Phase 1 is infrastructure only. Once deployed, Kratos runs but nothing uses it yet — the honeyDue Go API still does its own auth. Phase 2 (backend swap) and Phase 3 (KMP/web clients) follow. Migrating onto Kratos can lose all existing user data — honeyDue is pre-production, so no user import is done.

The deploy is gated: 03-deploy.sh applies Kratos only when the kratos-secrets Secret exists, and 02-setup-secrets.sh creates that Secret only when config.yaml has a kratos: block. Until then the existing stack deploys completely unaffected.

Files

File What
configmap.yaml kratos.yml, identity schema, Google/Apple OIDC claim mappers (no secrets)
migrate-job.yaml kratos migrate sql — schema migration, run before the Deployment
kratos.yaml Deployment (×2), Service, NetworkPolicies
ingress.yaml auth.myhoneydue.com → Kratos public API :4433

Operator prerequisites (must be done before deploying)

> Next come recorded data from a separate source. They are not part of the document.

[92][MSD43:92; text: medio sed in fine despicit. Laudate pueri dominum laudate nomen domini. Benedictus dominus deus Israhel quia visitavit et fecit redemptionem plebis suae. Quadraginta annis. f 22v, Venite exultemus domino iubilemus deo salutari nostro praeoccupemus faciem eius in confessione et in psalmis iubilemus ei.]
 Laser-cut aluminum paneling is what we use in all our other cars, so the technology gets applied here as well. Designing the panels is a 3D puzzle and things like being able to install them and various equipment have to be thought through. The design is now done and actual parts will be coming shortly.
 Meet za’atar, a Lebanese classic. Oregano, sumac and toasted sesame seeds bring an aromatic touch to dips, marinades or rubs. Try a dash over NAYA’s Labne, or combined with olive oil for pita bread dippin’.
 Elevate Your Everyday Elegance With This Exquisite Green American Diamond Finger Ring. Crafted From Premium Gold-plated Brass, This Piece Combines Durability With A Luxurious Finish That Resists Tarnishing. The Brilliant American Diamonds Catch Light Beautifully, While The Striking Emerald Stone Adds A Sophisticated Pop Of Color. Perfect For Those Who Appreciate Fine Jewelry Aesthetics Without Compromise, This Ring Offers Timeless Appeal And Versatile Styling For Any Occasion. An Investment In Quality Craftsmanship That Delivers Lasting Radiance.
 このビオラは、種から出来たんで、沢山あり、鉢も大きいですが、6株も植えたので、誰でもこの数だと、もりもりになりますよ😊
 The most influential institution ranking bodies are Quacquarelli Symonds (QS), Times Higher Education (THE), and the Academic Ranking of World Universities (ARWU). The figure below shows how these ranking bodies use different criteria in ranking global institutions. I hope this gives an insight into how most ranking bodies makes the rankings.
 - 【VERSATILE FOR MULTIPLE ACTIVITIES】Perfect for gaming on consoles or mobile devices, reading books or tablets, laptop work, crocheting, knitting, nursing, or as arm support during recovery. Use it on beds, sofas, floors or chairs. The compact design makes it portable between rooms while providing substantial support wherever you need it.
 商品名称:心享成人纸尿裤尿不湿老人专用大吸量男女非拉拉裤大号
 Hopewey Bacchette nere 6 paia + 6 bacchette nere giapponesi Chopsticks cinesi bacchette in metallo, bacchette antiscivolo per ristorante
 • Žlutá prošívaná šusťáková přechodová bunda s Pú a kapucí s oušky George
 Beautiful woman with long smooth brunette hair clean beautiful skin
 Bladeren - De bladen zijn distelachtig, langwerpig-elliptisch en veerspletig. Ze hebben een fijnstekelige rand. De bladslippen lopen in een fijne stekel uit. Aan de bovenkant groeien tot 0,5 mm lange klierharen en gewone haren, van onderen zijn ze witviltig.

  1. Kratos version — Ory uses CalVer (v25.x / v26.x). Pick the current stable, then replace REPLACE_WITH_CURRENT_STABLE_TAG in kratos.yaml and migrate-job.yaml with oryd/kratos:vXX.Y@sha256:<digest>, and set the matching version: in configmap.yaml.

  2. Kratos database — create a separate Neon database named kratos (do not share honeyDue's). Capture its connection string as the DSN.

  3. DNS — add auth.myhoneydue.com in Cloudflare (proxied), pointing at the cluster ingress like the other honeyDue hosts. Confirm the cloudflare-origin-cert TLS secret covers auth.myhoneydue.com.

  4. Google OAuth client — Google Cloud Console → create an OAuth 2.0 client. Redirect URI: https://auth.myhoneydue.com/self-service/methods/oidc/callback/google. Put the client ID into configmap.yaml (GOOGLE_OAUTH_CLIENT_ID); the client secret goes in config.yaml.

  5. Apple Sign In — Apple Developer → a Services ID + a Sign in with Apple key. Return URL: https://auth.myhoneydue.com/self-service/methods/oidc/callback/apple. Put the Services ID / Team ID / Key ID into configmap.yaml (APPLE_SERVICES_ID / APPLE_TEAM_ID / APPLE_PRIVATE_KEY_ID); the .p8 private key goes in config.yaml.

  6. config.yaml — add a kratos: block:

    kratos:
      dsn: "postgres://USER:PASS@HOST/kratos?sslmode=require"
      secrets_cookie: "<openssl rand -hex 16>"   # generate ONCE, keep stable
      secrets_cipher: "<openssl rand -hex 16>"   # must be exactly 32 chars
      smtp_connection_uri: "smtps://USER:PASS@smtp.fastmail.com:465/"
      google_client_secret: "<from Google Cloud Console>"
      apple_private_key: |
        -----BEGIN PRIVATE KEY-----
        ...
        -----END PRIVATE KEY-----
    

    secrets_cookie / secrets_cipher must stay stable forever — rotating them invalidates every session and makes encrypted data unreadable.

Deploy

cd honeyDueAPI-go
export KUBECONFIG="$(pwd)/deploy-k3s/kubeconfig"
./deploy-k3s/scripts/02-setup-secrets.sh   # creates kratos-secrets from config.yaml
./deploy-k3s/scripts/03-deploy.sh          # applies kratos manifests, runs migrate, rolls

03-deploy.sh applies configmap.yaml → runs migrate-job.yaml → waits → applies kratos.yaml + ingress.yaml.

Verify

  • kubectl -n honeydue get pods -l app.kubernetes.io/name=kratos — 2/2 Running
  • kubectl -n honeydue logs job/kratos-migrate — migration succeeded
  • curl https://auth.myhoneydue.com/health/ready{"status":"ok"}
  • curl https://auth.myhoneydue.com/self-service/registration/api — returns a flow

Not yet done (later phases)

  • Phase 2 — honeyDue Go backend: swap middleware/auth.go for Kratos session validation, drop the hand-rolled auth code, rebuild the users table keyed on the Kratos identity ID.
  • Phase 3 — KMP mobile + Next.js web clients point at Kratos flows.
  • Admin-panel auth stays on its own JWT (out of scope).